There is an understandably growing outrage among the American people when they believe their elected officials are enriching their family and themselves while in office. They rightfully believe the purpose of running for office is to serve, not to fill your personal bank accounts. In fact, it was part of the undercurrent that lifted the red wave in 2016. “Drain the swamp” people shouted referring to D.C. and the sometimes unethical questionable behavior of career politicians. Turns out, one of those career politicians may be North Dakota’s own Congressman Kevin Cramer. The signs are there.
According to the Politico Morning Score, Kevin Cramer has “paid his family members more than $150,000 and received more than $200,000 in reimbursements from his campaign account.” The report went on, “FEC records show Cramer has paid his wife, Kris, nearly $140,000 since 2013. That includes $119,000 in salary, plus thousands more in mileage, per diems and other reimbursements. He’s paid Reel Love Videos, a video production company owned by one of his daughters, over $11,000. Other family members have received about $12,000, including a $327 payment for “event babysitting” to one of his daughters.”

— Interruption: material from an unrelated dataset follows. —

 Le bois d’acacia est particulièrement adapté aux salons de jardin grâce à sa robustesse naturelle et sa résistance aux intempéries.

As Cramer is under the federal guidelines since first announcing his Congressional candidacy in 2011-2012, this is alright legally. North Dakota state laws that recently changed as far as candidates using campaign contributions for personal gain do not apply to him. The question is ethical and whether or not those who think we should, “drain the swamp” are alright when one of their own has played in the mud.
Recall in 2013 when the federal government shutdown. Some in Congress refused their salary saying it wasn’t right for them to get paid when they couldn’t fulfill the basic function of government. Congressman Cramer refused to give up his salary. He took a shot at Senators Hoeven and Heitkamp who both agreed to donate their salary by saying, “If you want a Congress that’s full of millionaires and doctors’ spouses, this is a great little trick.” In the meantime, he was filling his personal piggy bank with political contributions. A “great little trick” that should raise some eyebrows to North Dakotans and potential campaign donors.

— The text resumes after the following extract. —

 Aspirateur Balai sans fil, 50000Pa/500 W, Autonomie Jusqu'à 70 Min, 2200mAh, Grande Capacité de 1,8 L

Cramer attempted to defend this questionable slush fund practice by saying he is saving taxpayer dollars. All expenses are through his campaign he claims. If that is the case, perhaps with those savings he could afford to pay his interns who do a lot of work. Cramer is the only member of our federal delegation who refuses to pay his interns.
Padding the personal piggy bank isn’t the only questionable behavior Cramer has displayed lately. In response to a Tweet from WDAY’s Mike McFeely, Cramer bragged about his partisan polling numbers from his official government Twitter account. A press release from the North Dakota Democratic-NPL is calling for an ethics probe.
— Rep. Kevin Cramer (@RepKevinCramer) December 30, 2017
I’d like to point out this isn’t the first instance of Cramer using government property for political reasons. In his 2014 race against State Senator George Sinner, Cramer used the North Dakota Veteran’s Cemetery as the backdrop of a campaign ad. The ad had many worried the cemetery would lose their funding due to the stunt. Though he was forced to take down the ad, Cramer never apologized for using veteran’s headstones as political props.
I bring this forward because it shows a troubling trend. Personally enriching himself and his family with political donations while in office, using official government accounts and property for his partisan political advantage, coupled with multiple political jobs makes Kevin Cramer the very definition of a “career politician.” To truly “drain the swamp” we need to establish a set of standards worthy of election and behavior in office and remove those who have taken advantage of the system’s lax rules.